There are some that would come away from reading my posts thinking that I am a whinner—some would think I am a winner and others might think I live somewhere in between. Perhaps Japan or the middle east.

The exploratory process—though painful at times—is not without its’ mercy component. I am actually better off than I surely sometimes come across in blog-land.

I have recently come to understand that there are dark places inside that need some light in order for them to be healed and/or released in order for us to move forward in this Christian life. That the people we are closest to will likely be the ones that help this process by poking in just the right places. And at all the right/wrong times.

Of all the years I have lived the latter seem to be the years of acceptance and introspection. I can well remember the years of coasting—where everything seemed to fit into a place that had been designed for it. Those were the years when even the stupid things we did worked out for good.

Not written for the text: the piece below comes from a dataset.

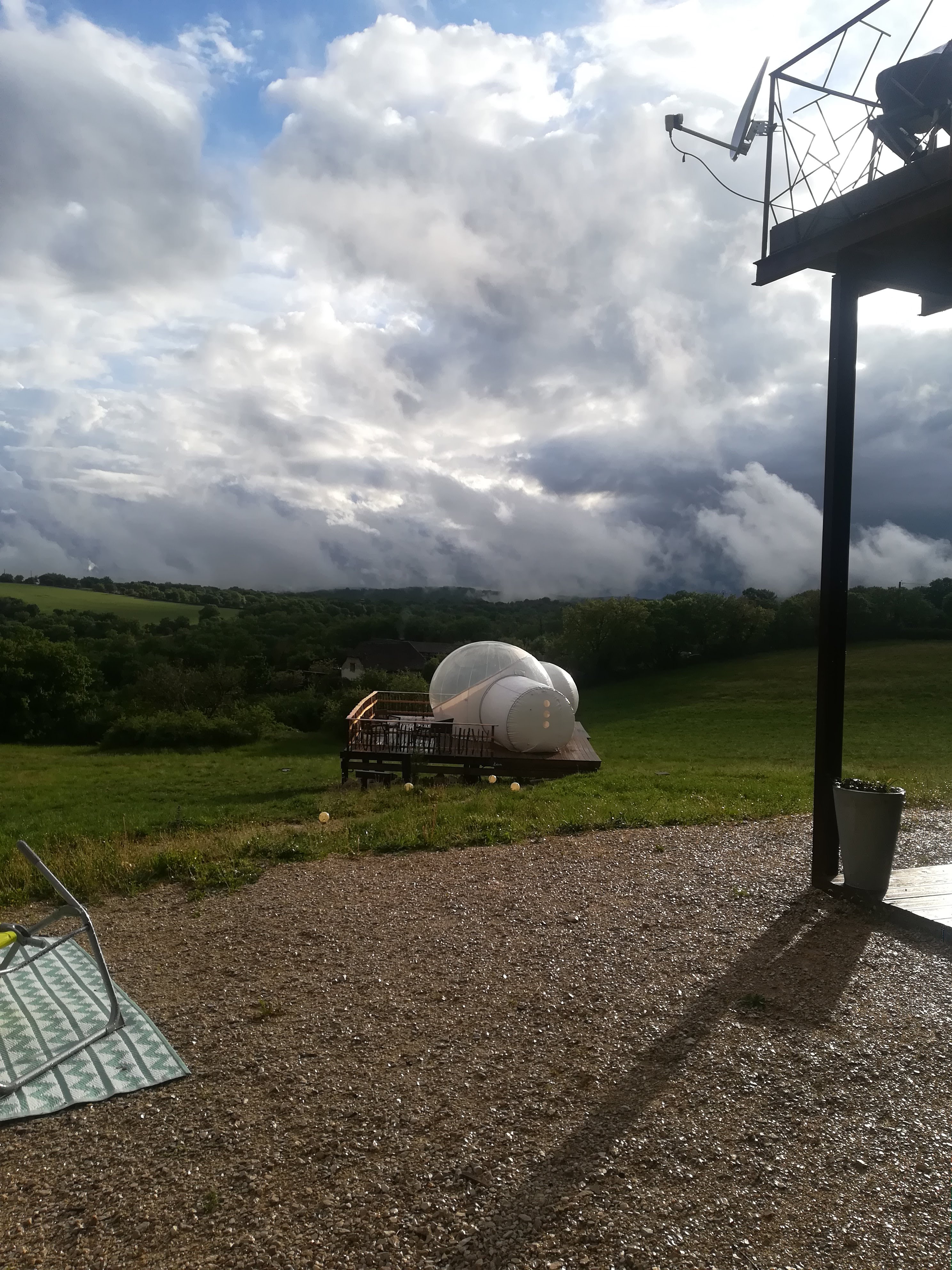 Déjà l'accueil d'Annie est très chaleureux ce qui est fortement appréciable. Ensuite, la bulle est minimaliste mais immédiatement on se sent dans un autre monde Même avec la pluie l'ambiance était particulière et dans la nuit pouvoir admirer les étoiles c'était super! Nous avions pris le panier gourmand qui était très bien. Je recommande vivement cet établissement

Then came the years of drilling wells in order to find water—and the enemy came and covered them up and we went out and dug new ones and so on and so forth. We finally figured out how to cover them and pipe the water directly into our homes and things have been a bit different ever since.

Then came the years of understanding in which our children finally decided we were not all that bad after all and their father’s day cards were sincere and appreciated. We also began to see, during the years of understanding that most likely things were not going to turn out the way we had hoped.

And now, after going through the years of dispair that followed the years of understanding, we are in the years of fullfillment (which piggyback the years of acceptance and introspection)—only the time seems short and I spilled something on the map and can’t see where I am completely but can see all the roads leading to other places like spider webs in the sunlight.

Yes…there are more pluses than minuses in this year we are in—grace abounds where uncertainly begins. If we are looking for information—there is enough: for faith—it is within earshot; for love—we just need to open our eyes and see that there are a lot of people standing in the white fields. Some are looking at us and some are looking at someone else—there is enough.

During my recent trip to see my son and daughter in Raleigh, NC, I of course went to my nearest Barnes and Noble Bookstore while my wife and daughter shopped the mall. I found a book by a greek poet Miltos Sachtouris and another by an Israeli poet named Yehuda Amichai. Both are poets that seem to have reached a pinacle in that particular artform. The poem below is by Amichai and gives you a little glimpse into his world in Jerusalem. Enjoy!

What Kind of a Person

“What kind of a person are you,” I heard them say to me.
I’m a person with a complex plumbing of the soul,
Sophisticated instruments of feeling and a system
Of controlled memory at the end of the twentieth century,
But with an old body from ancient times
And with a God even older than my body.

I’m a person for the surface of the earth.
Low places, caves and wells
Frighten me. Mountain peaks
And tall buildings scare me.
I’m not like an inserted fork,
Not a cutting knife, not a stuck spoon.

I’m not flat and sly
Like a spatula creeping up from below.
At most I am a heavy and clumsy pestle
Mashing good and bad together
For a little taste
And a little fragrance.

Arrows do not direct me. I conduct
My business carefully and quietly
Like a long will that began to be written
The moment I was born.

Now I stand at the side of the street
Weary, leaning on a parking meter.
I can stand here for nothing, free.

I’m not a car, I’m a person,
A man-god, a god-man
Whose days are numbered. Hallelujah.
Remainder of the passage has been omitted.